Red E. Lewis and the Redcaps’ manager Chris Tidmarsh had decided that he would become the group’s singer, renaming himself Neil Christian. In accordance with his own change of identity, Tidmarsh/Christian gave the group the moniker the Crusaders, and Page became ‘Nelson Storm’. Rhythm guitarist John Spicer was henceforth known as ‘Jumbo’, while drummer Jim Evans was given the sobriquet of ‘Tornado’.
Playing the same circuit, with Screaming Lord Sutch and the Savages, was a guitarist who had also grown up in Heston. His name was Ritchie Blackmore, and he had a bright future as a founding member of Deep Purple and celebrated guitar hero in his own right.
‘I met Jimmy Page in 1962. I was 16, 17,’ he recalled of their first meeting, at a time when ‘Nelson Storm’ had acquired a new instrument. ‘We played with Neil Christian and the Crusaders. Jimmy Page was playing his Gretsch guitar. I knew he was going to be somebody then. Not only was he a good guitar player, he had that star quality. There was something about him. He was very poised and confident. So I thought, “He’s going to go somewhere, that guy – he knows what he’s doing.” But he was way ahead of most guitar players. He knew he was good too. He was the type of guy, who … he wasn’t arrogant, but he was very comfortable within himself.’
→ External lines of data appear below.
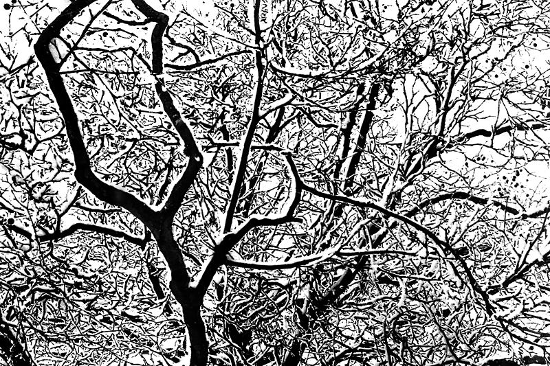 Petrai, čia Tri-X juostele buvo nufotografuoti apsnigti medžiai. Užsimaniau labiau pabrėžti persipynusių šakų grafiką ir palikti tik ją, todėl nusprendžiau, kad pilkų atspalvių man visai nebereikia. Taigi, redagavimo programoje ant kreivės uždėjau du taškus ir labai iškėliau šviesiąją kreivės dalį bei truputį nuleidau tamsiąją. Viskas, „Save as jpeg“ ir į Kūdrą.
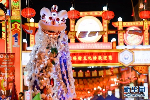 2013年马来西亚元宵节,马六甲武术龙狮总表演舞龙舞狮,大闹元宵。新华社发 张纹综摄
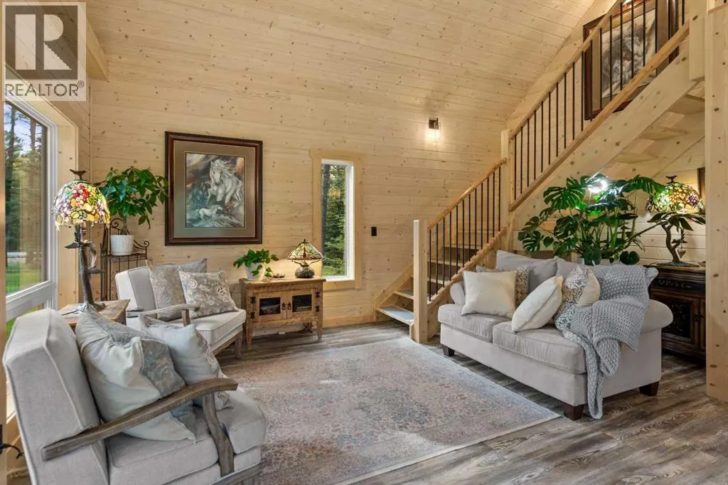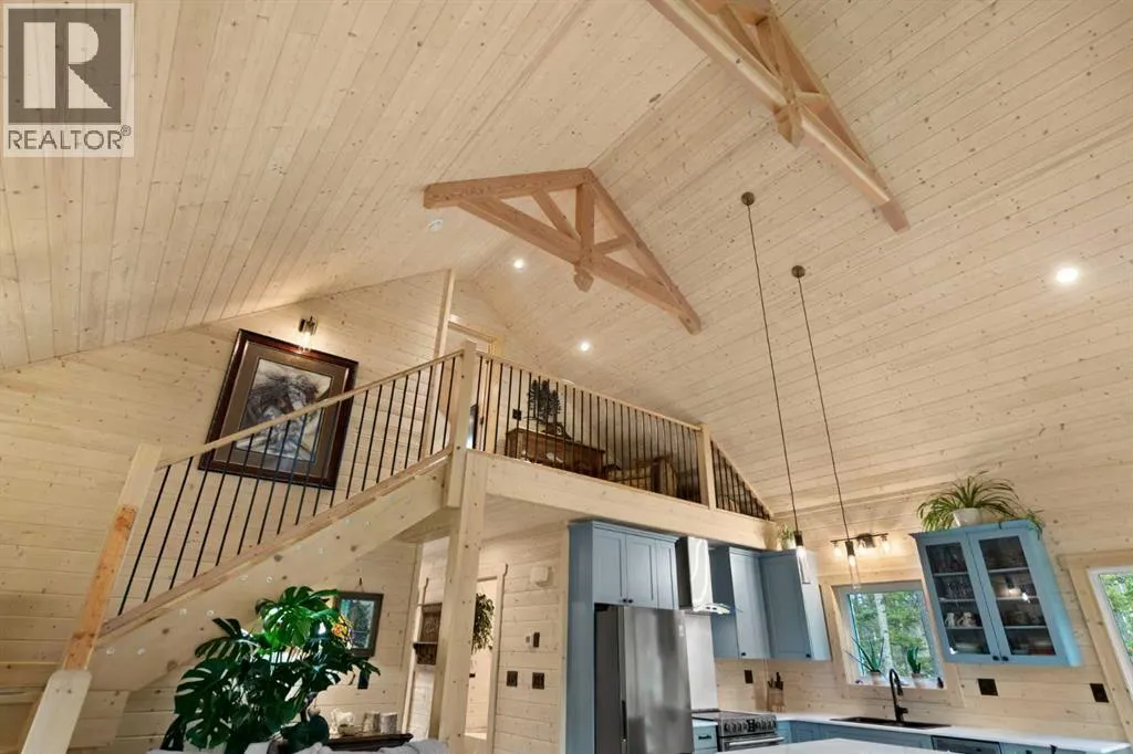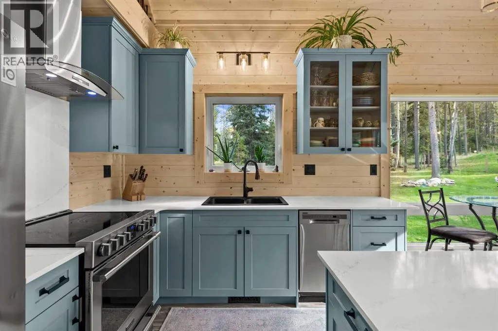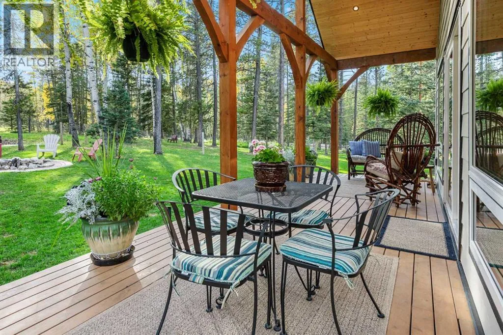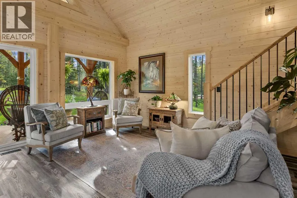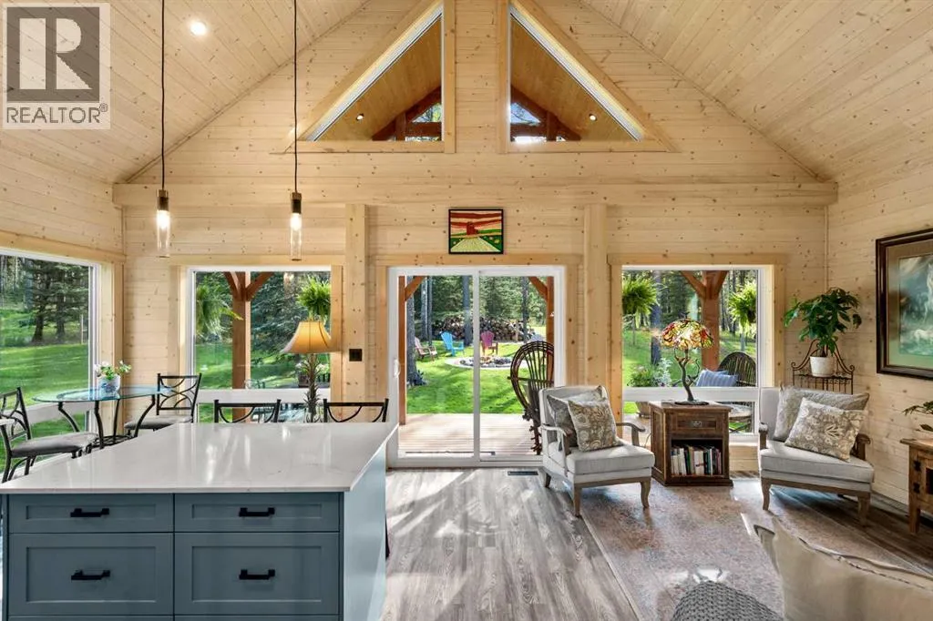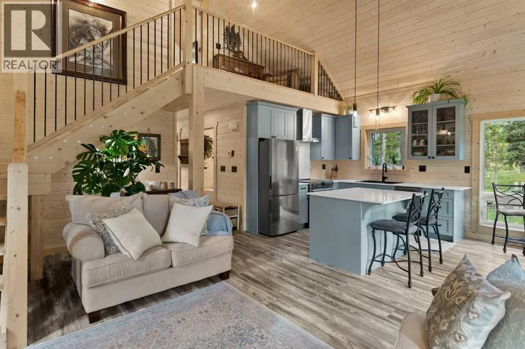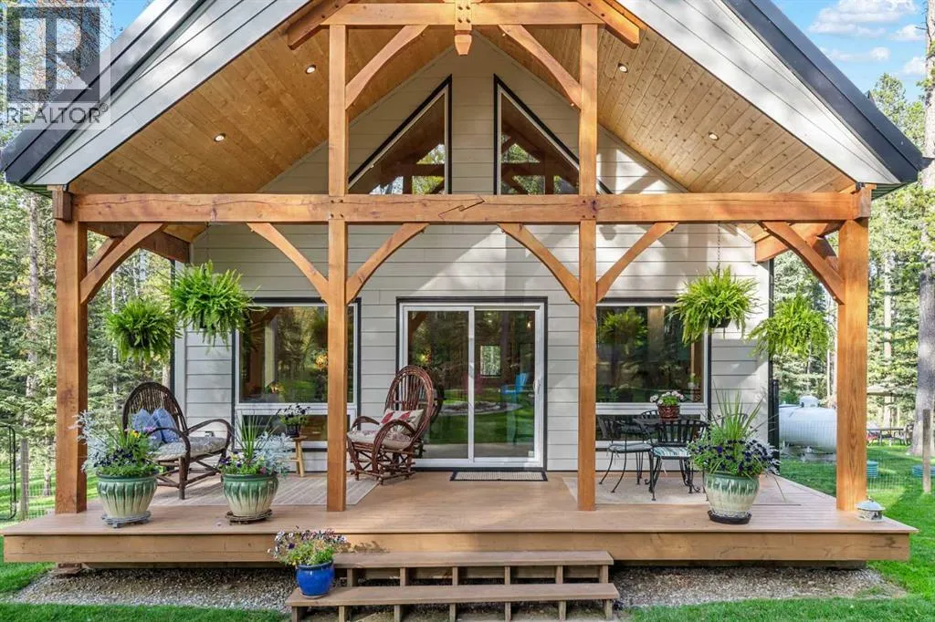 Set on 5.51 acres in desirable South Bragg Creek, this property is a rare blend of modern comfort and natural beauty. Towering mature forest, thoughtfully cleared of deadfall, creates lush vegetation, manicured lawns, and a true park-like setting. The fenced yard is ideal for children or pets and offers endless room to enjoy the outdoors. The classic 1.5-storey home, built in 2023, offers 2 bedrooms and 2 full bathrooms, showcasing warm pine interiors with fully insulated walls, luxury vinyl plank floors, quartz countertops, and upgraded stainless steel appliancesâall within a bright, open-concept layout. Designed for both style and function, features include Hardie board siding, a metal roof, triple-pane windows, and low-maintenance finishes throughout. Both the front deck and covered back deck capture the tranquility of the setting, while a massive in-ground firepit invites gatherings or quiet evenings under the stars. Practical features include a garden shed, horse shelter, RV electrical hookup at the house, and water with hydrant plus power ideally placed for a future horse waterer, or even garage/shop. With propane heating, on demand hot water heating and house electrical setup for a generator, the home is ready to operate off-grid if desired! All of this just minutes from Bragg Creek Hamlet and only 20 minutes to Calgary. (id:27476)

After two years of life on the road, Page came down several times with glandular fever, a lingering virus that was a consequence of exhaustion and a bad diet – and possibly too regular an ingestion of the Vick’s Benzedrine strip. In October 1962, when he was only 18, ‘Nelson Storm’ quit the Neil Christian outfit.
Almost immediately he enrolled at Sutton Art College in Surrey to study painting, a love almost as great as the guitar. Needless to say, Page’s love of music was undimmed, and he had extremely broad taste, eagerly lapping up classical music, both old and new, especially the groundbreaking work of Krzysztof Penderecki, the Polish composer whose 1960 work Threnody to the Victims of Hiroshima conveyed the devastation wrought on 6 August 1945 on the Japanese city. Page’s study of Penderecki’s work would be reflected much later in his use of the violin bow on his guitar.